Several different designations then emerged, such as "MID
laser" and "medical laser". "Biostimulating laser" is
another term, with the disadvantage that one can also give
inhibiting doses. The term "bioregulating laser" has thus
been proposed. An unsuitable name is "low-energy laser". The
energy transferred to tissue is the product of laser output
power and treatment time, which is why a "low-energy laser",
over a long period of time, can actually emit a large amount
of energy.
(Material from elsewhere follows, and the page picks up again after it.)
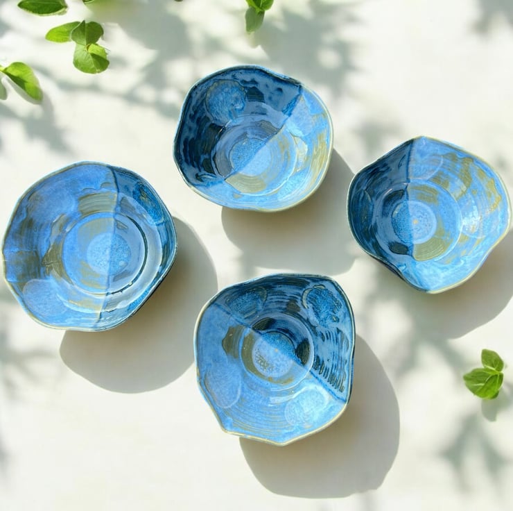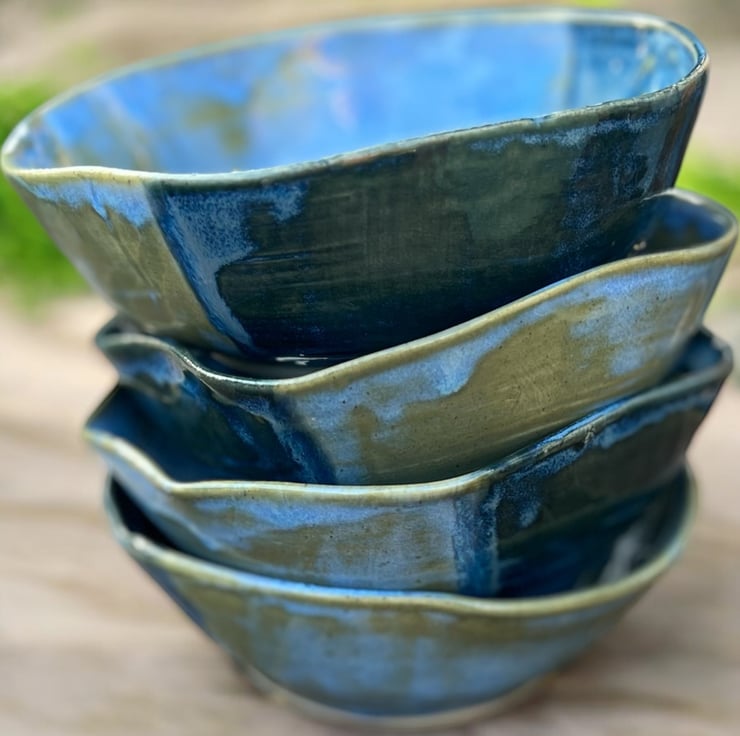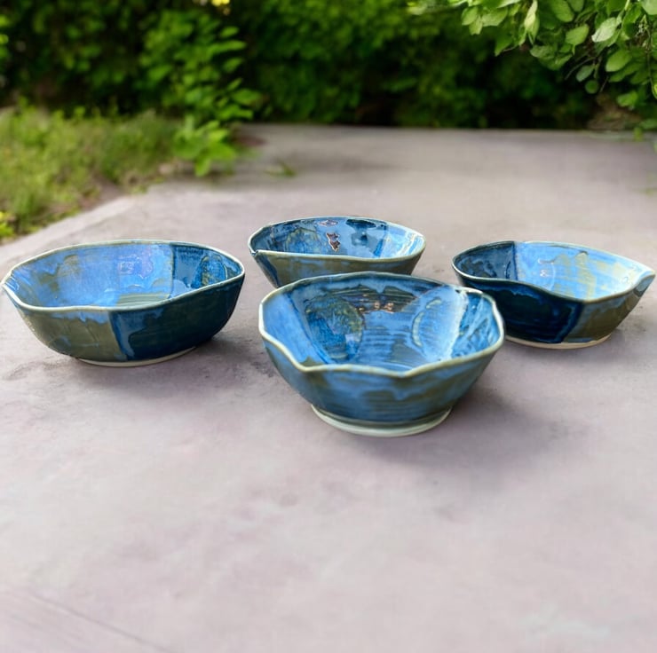Each bowl is individually crafted on the potter’s wheel, featuring a charming wibble wobble design. Double-fired for durability and finished with two stunning glazes—Floating Blue and Morning Glory—these unique bowls are perfect for snacks, trinkets, or everyday use.

Other suggested names are "low-reactive-level
laser", "low-intensity-level laser", "photobiostimulation
laser" and "photobiomodulation laser". Thus, it is obvious
that the question of nomenclature is far from solved. This
is because there is a lack of full agreement
internationally, and the names proposed thus far have been
rather unwieldy. Feel free to forget them, but remember LLLT
until agreement is reached on something else.
Q: Is laser therapy
scientifically well documented?
A: Basicly
yes. There are some 100 double-blind positive studies
confirming the clinical effect of LLLT. More than 2000
research reports are published. Looking at the limited LLLT
dental literature alone (265 studies), more than 90% of
these studies do verify the clinical value of laser therapy.
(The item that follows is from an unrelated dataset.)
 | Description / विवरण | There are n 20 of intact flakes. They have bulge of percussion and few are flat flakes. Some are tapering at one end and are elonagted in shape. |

Q: Where do I find such documentation ?
A: The book "Low Level Laser
Therapy - clinical practice and scientific background" is
the best reference guide for literature documentation.
Q: But I have heard that
there are dozens of studies failing to find any effect of
LLLT ?
A:That is true. But you cannot
just take a any laser and irradiate for any length of time
and using any technique. A closer look at the majority of
the negtive studies will reveal serious flaw. Look for link
under Laser literature and read some examples. But LLLT will
naturally not work on anything. Competent research certainly
has failed to demonstrate effect in several indications.
However, as with any treatment, it is a matter of dosage,
diagnosis, treatment technique and individual reaction. Se
link critic on critic.
Q: Which lasers can
be used in medicine ?
A: Examples of lasers which can be
used in medicine: Laser name Wavelength Pulsed Use in
medicine or cont. Crystalline laser medium: Ruby 694 nm p
holograms, tattoo coag. Nd:YAG 1 064 nm p coagulation Ho:YAG
2 130 nm p surgery, root canal Er:YAG 2 940 nm p surgery,
dental drill KTP/532 532 nm p/c dermatology Alexandrite
720-800 nm p bone cutting Semiconductor lasers: GaAs 904 nm
p biostimulation GaAlAs 780-820-870 nm c biostimulation,
surgery InGaAlP 630-685 nm c biostimulation Liquid laser:
Dye laser (tuneable) p kidney stones Rhodamine: 560-650 nm
c/p PDT, dermatology, Gas lasers: HeNe 633, 3 390 nm c
biostimulation Argon 350-514 nm c dermatology, eye CO2 10
600 nm c/p dermatology, surgery Excimer 193, 248, 308 nm p
eye, vascular surgery Copper vapour 578 nm c/p dermatology
There are many other types, but those mentioned above are
the most common.
Q: Can therapeutic lasers damage the
eye ?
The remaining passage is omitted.